**EXERCISE:**
Word for word, write the lines below out again, with no pictures.

═════ DATA EXCERPT

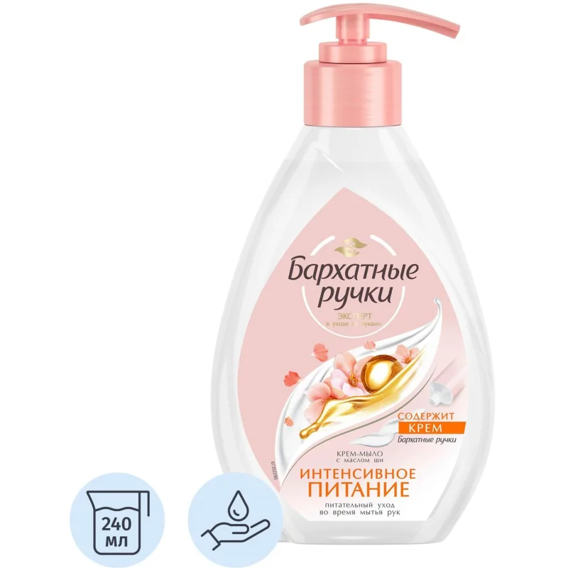 Жидкое мыло с дозатором Бархатные Ручки 240мл, миндальное масло
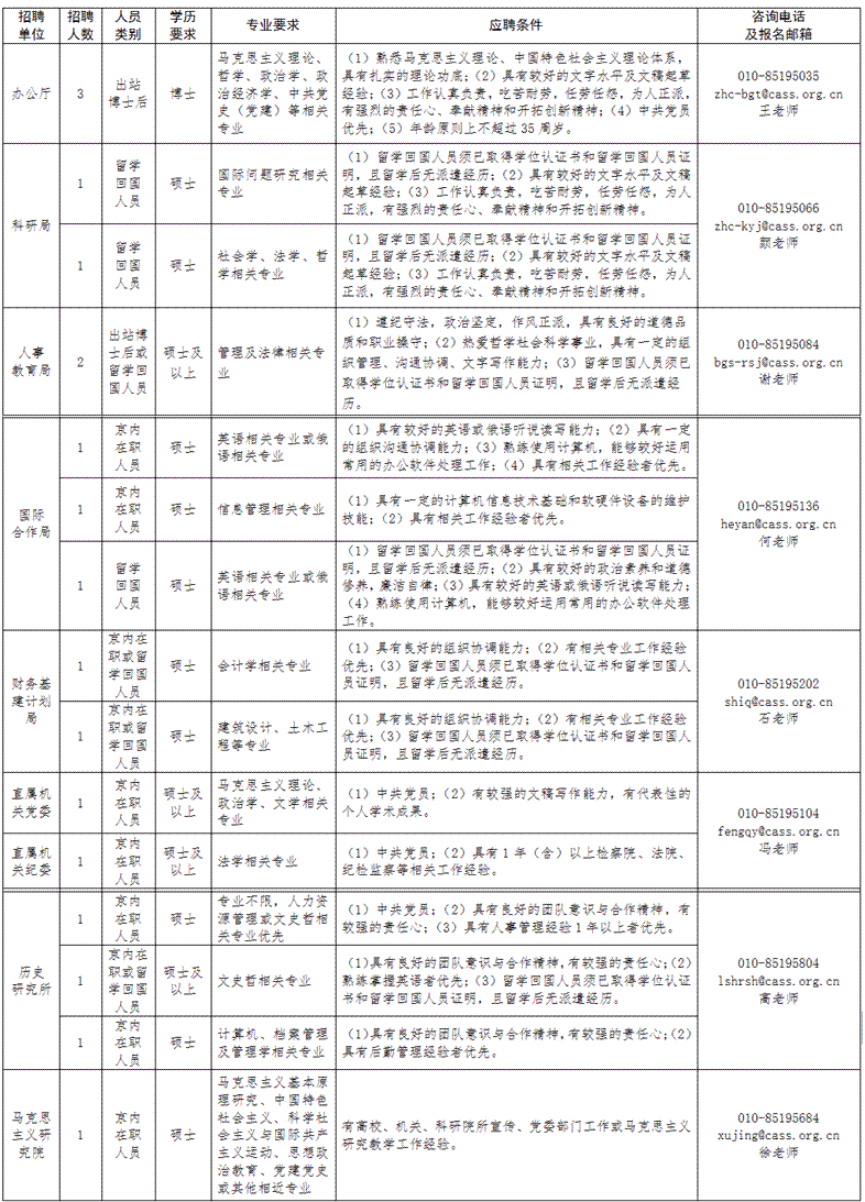各招聘单位的拟招聘人数、具体职位、资格条件等详见《中国社会科学院招聘管理人员岗位信息一览表》(见附件1)。如对专业、学历、学位、资格条件等内容需要咨询时,请与相关招聘单位联系。
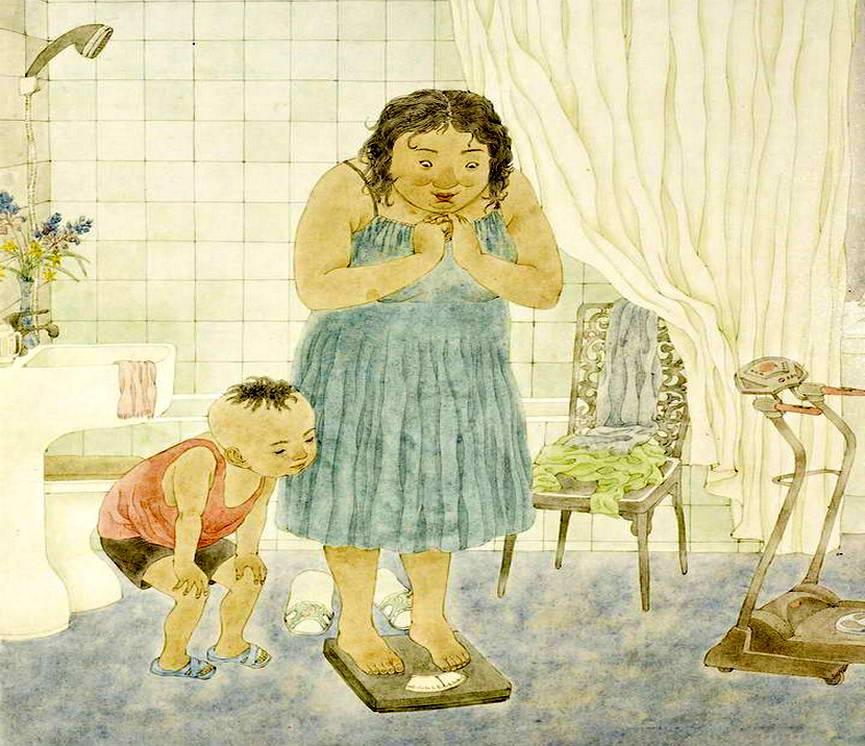 Спасибо за знакомство с интересным китайским художником. Насколько я поняла, многие его работы пронизаны добрым юмором, и та, которая послужила вам образцом для подражания под названием "Я похудела"- тоже))

══════════

**ANSWER SECTION:**
 Жидкое мыло с дозатором Бархатные Ручки 240мл, миндальное масло
各招聘单位的拟招聘人数、具体职位、资格条件等详见《中国社会科学院招聘管理人员岗位信息一览表》(见附件1)。如对专业、学历、学位、资格条件等内容需要咨询时,请与相关招聘单位联系。
 Спасибо за знакомство с интересным китайским художником. Насколько я поняла, многие его работы пронизаны добрым юмором, и та, которая послужила вам образцом для подражания под названием "Я похудела"- тоже))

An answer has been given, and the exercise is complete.